Start of Block

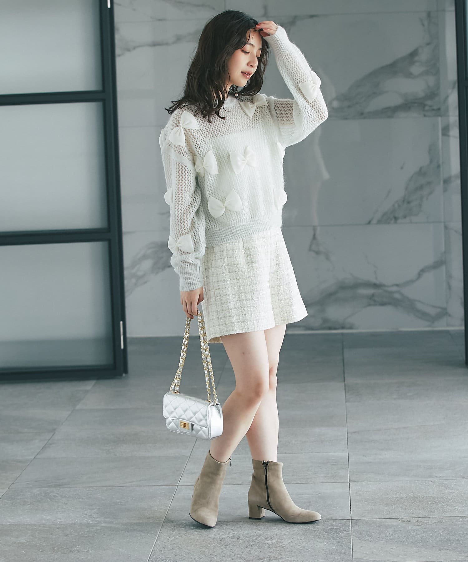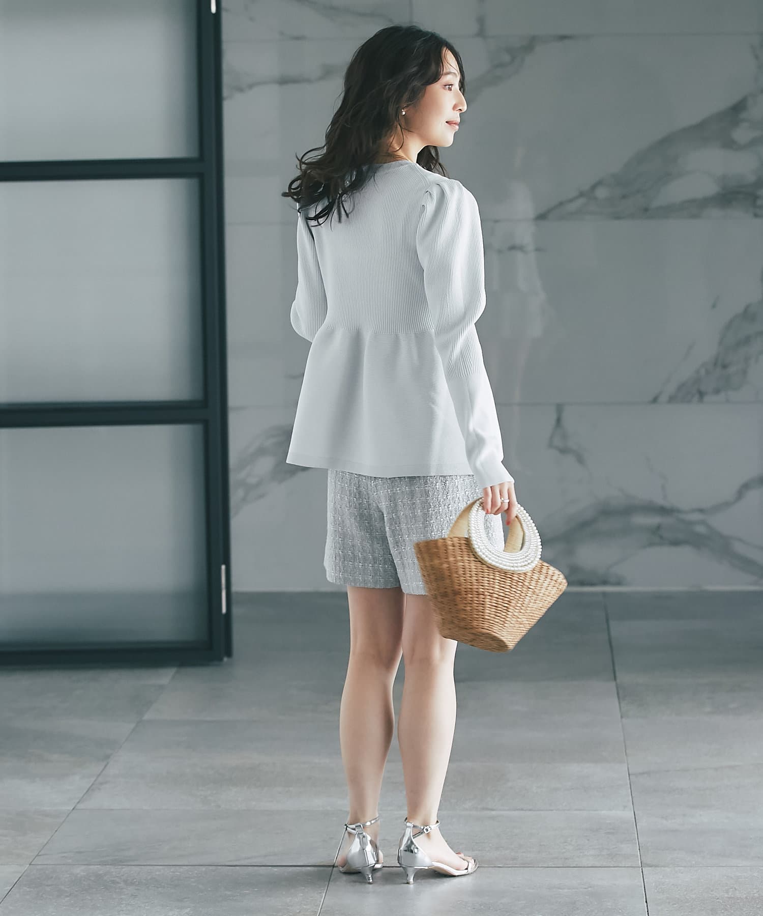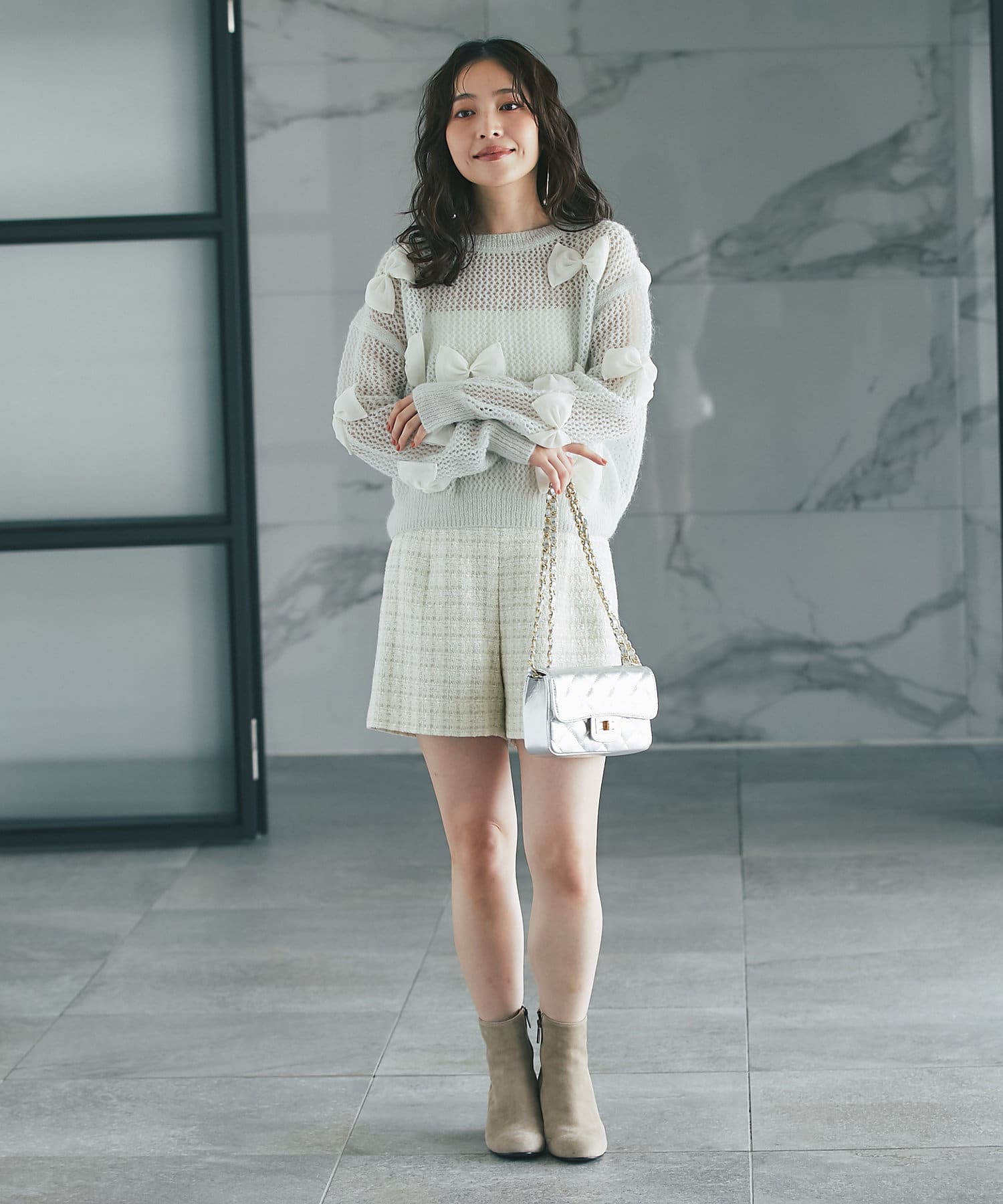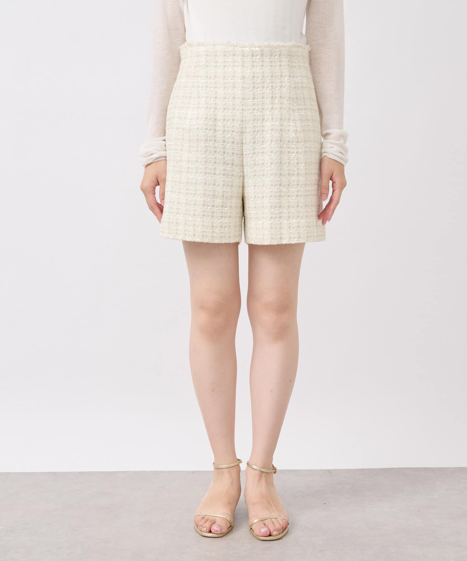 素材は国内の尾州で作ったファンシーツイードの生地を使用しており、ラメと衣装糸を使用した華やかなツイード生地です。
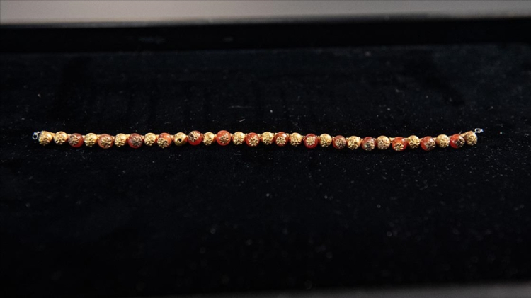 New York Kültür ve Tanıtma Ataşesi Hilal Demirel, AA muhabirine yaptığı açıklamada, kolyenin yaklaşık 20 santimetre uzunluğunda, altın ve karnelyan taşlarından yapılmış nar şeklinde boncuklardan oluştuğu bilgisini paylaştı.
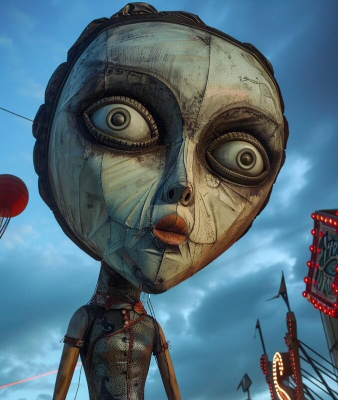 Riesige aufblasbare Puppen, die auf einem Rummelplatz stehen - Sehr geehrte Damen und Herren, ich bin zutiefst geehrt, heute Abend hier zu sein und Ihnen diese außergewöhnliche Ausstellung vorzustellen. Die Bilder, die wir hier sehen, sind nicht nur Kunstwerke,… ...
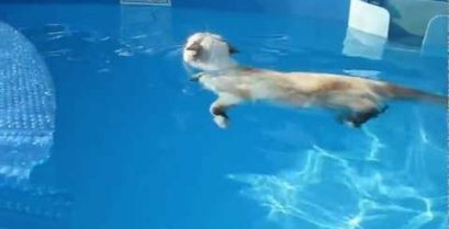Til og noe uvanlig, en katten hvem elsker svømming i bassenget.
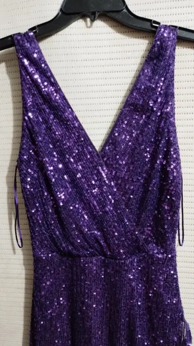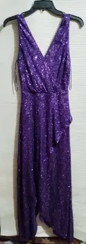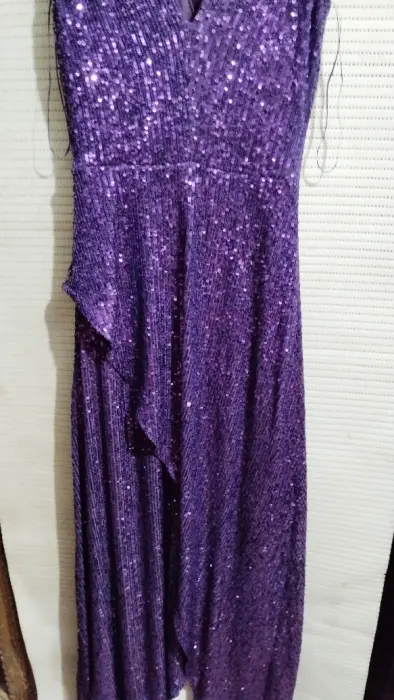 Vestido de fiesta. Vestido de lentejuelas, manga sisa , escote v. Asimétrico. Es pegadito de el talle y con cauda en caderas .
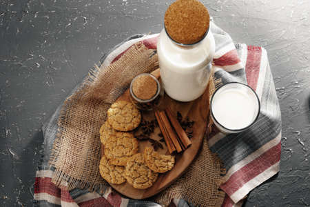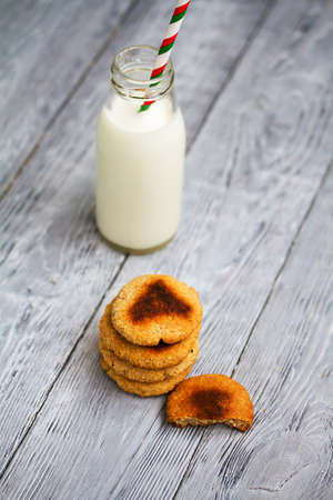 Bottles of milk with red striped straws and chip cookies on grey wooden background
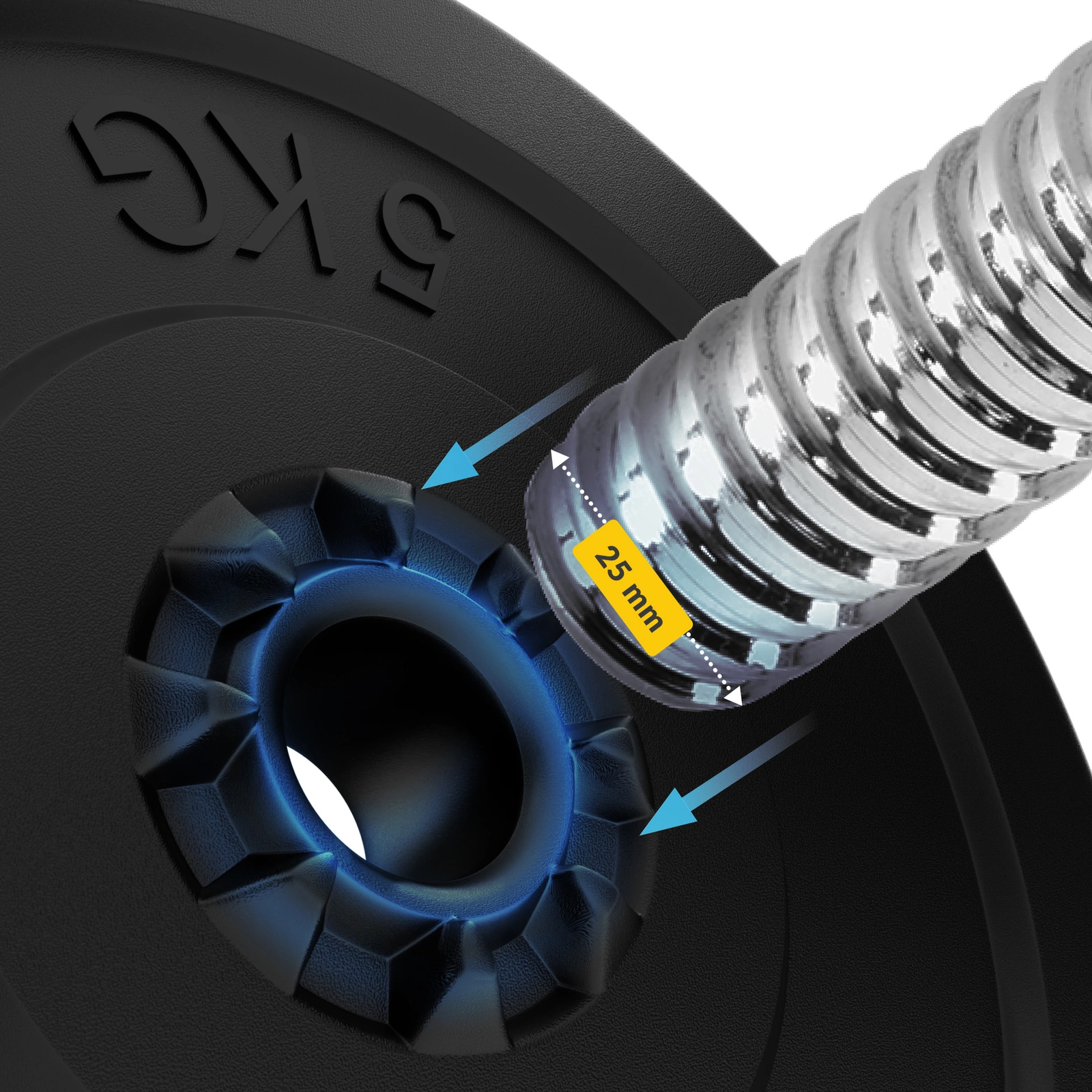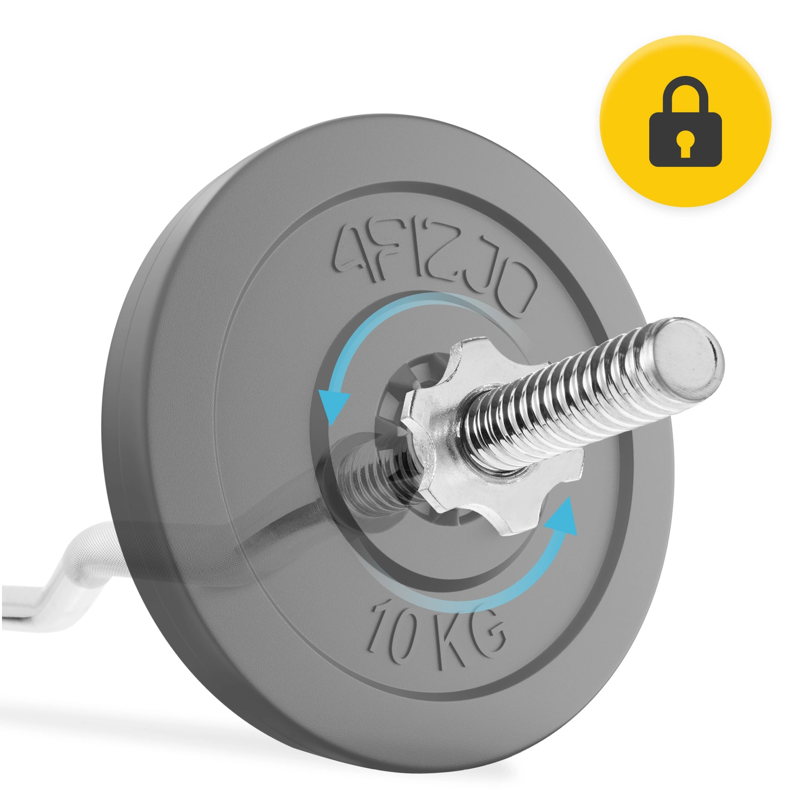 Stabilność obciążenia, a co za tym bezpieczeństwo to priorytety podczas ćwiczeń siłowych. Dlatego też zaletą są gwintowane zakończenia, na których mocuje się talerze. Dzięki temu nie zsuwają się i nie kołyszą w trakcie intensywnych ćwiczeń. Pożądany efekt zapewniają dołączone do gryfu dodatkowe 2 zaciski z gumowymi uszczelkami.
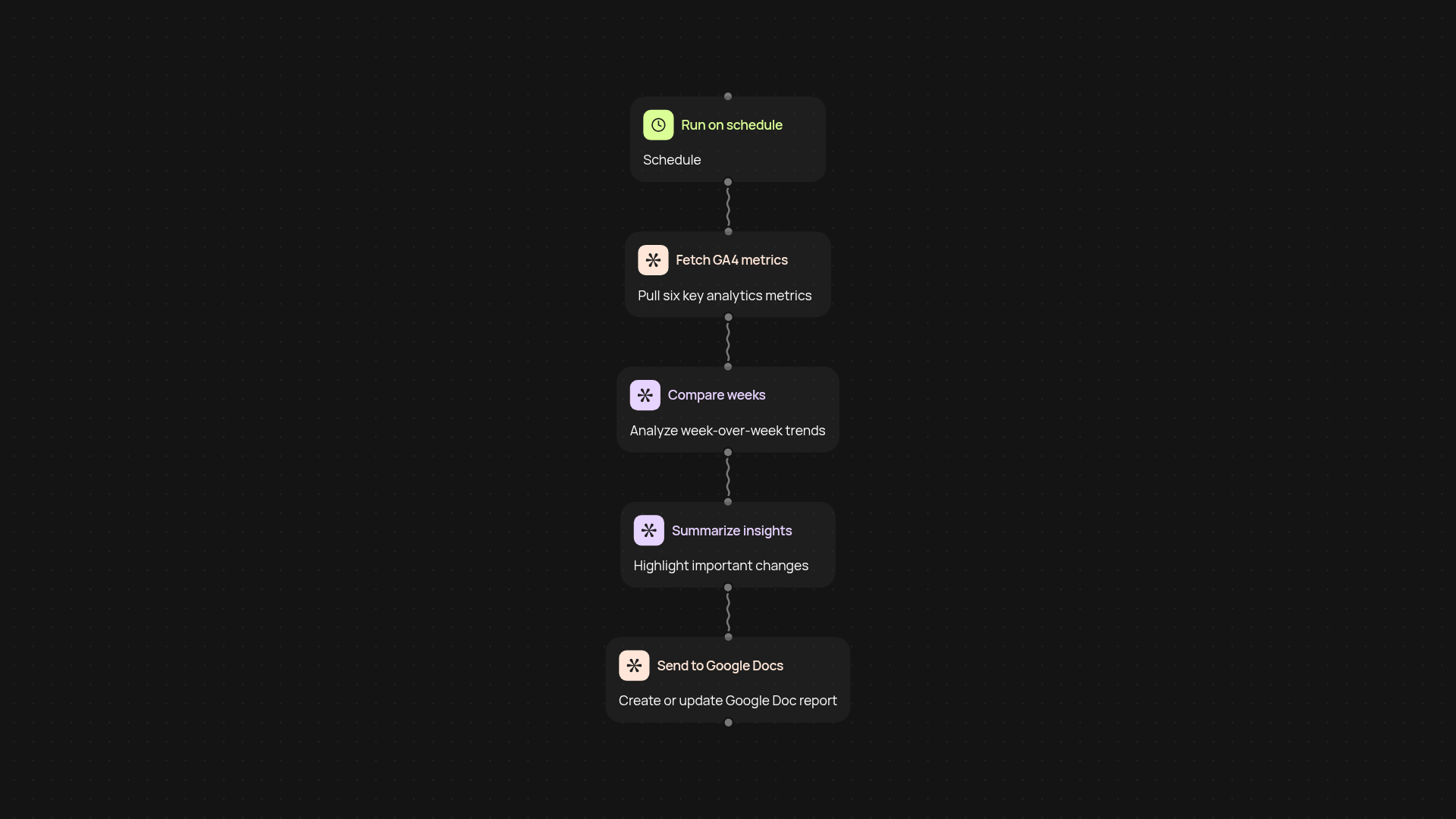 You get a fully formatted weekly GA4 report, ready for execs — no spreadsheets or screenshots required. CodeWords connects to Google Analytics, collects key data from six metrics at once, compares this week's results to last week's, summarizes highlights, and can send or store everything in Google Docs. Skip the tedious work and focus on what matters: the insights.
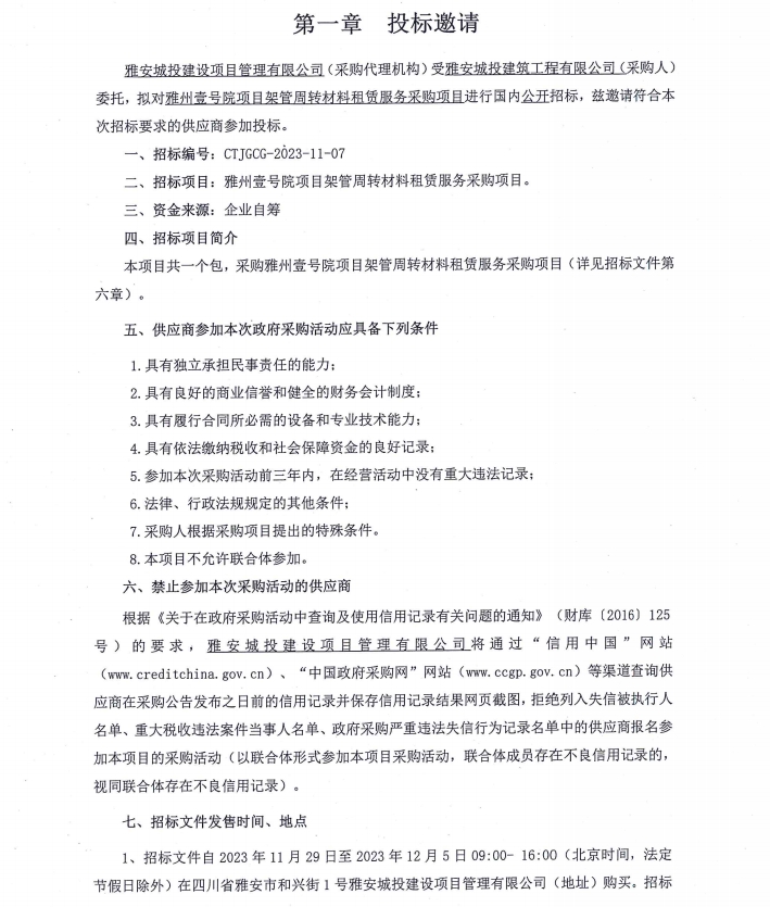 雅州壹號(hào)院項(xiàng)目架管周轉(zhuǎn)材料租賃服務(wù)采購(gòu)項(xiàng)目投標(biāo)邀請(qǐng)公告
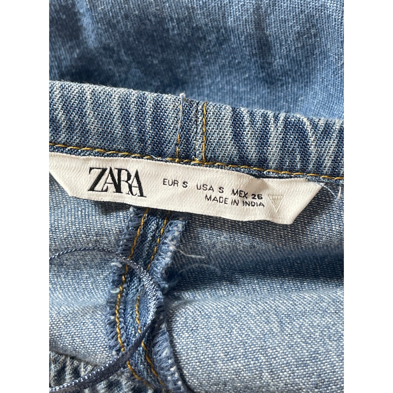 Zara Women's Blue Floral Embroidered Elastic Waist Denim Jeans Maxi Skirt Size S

End of Block

» **Your assignment**
Transcribe only the lines from the line holding "Riesige aufblasbare Puppen, die" to the final line of the listing above. Keep them exact, include both ends, and skip the pictures.

» **Written solution**
 Riesige aufblasbare Puppen, die auf einem Rummelplatz stehen - Sehr geehrte Damen und Herren, ich bin zutiefst geehrt, heute Abend hier zu sein und Ihnen diese außergewöhnliche Ausstellung vorzustellen. Die Bilder, die wir hier sehen, sind nicht nur Kunstwerke,… ...
Til og noe uvanlig, en katten hvem elsker svømming i bassenget.
 Vestido de fiesta. Vestido de lentejuelas, manga sisa , escote v. Asimétrico. Es pegadito de el talle y con cauda en caderas .
 Bottles of milk with red striped straws and chip cookies on grey wooden background
 Stabilność obciążenia, a co za tym bezpieczeństwo to priorytety podczas ćwiczeń siłowych. Dlatego też zaletą są gwintowane zakończenia, na których mocuje się talerze. Dzięki temu nie zsuwają się i nie kołyszą w trakcie intensywnych ćwiczeń. Pożądany efekt zapewniają dołączone do gryfu dodatkowe 2 zaciski z gumowymi uszczelkami.
 You get a fully formatted weekly GA4 report, ready for execs — no spreadsheets or screenshots required. CodeWords connects to Google Analytics, collects key data from six metrics at once, compares this week's results to last week's, summarizes highlights, and can send or store everything in Google Docs. Skip the tedious work and focus on what matters: the insights.
 雅州壹號(hào)院項(xiàng)目架管周轉(zhuǎn)材料租賃服務(wù)采購(gòu)項(xiàng)目投標(biāo)邀請(qǐng)公告
 Zara Women's Blue Floral Embroidered Elastic Waist Denim Jeans Maxi Skirt Size S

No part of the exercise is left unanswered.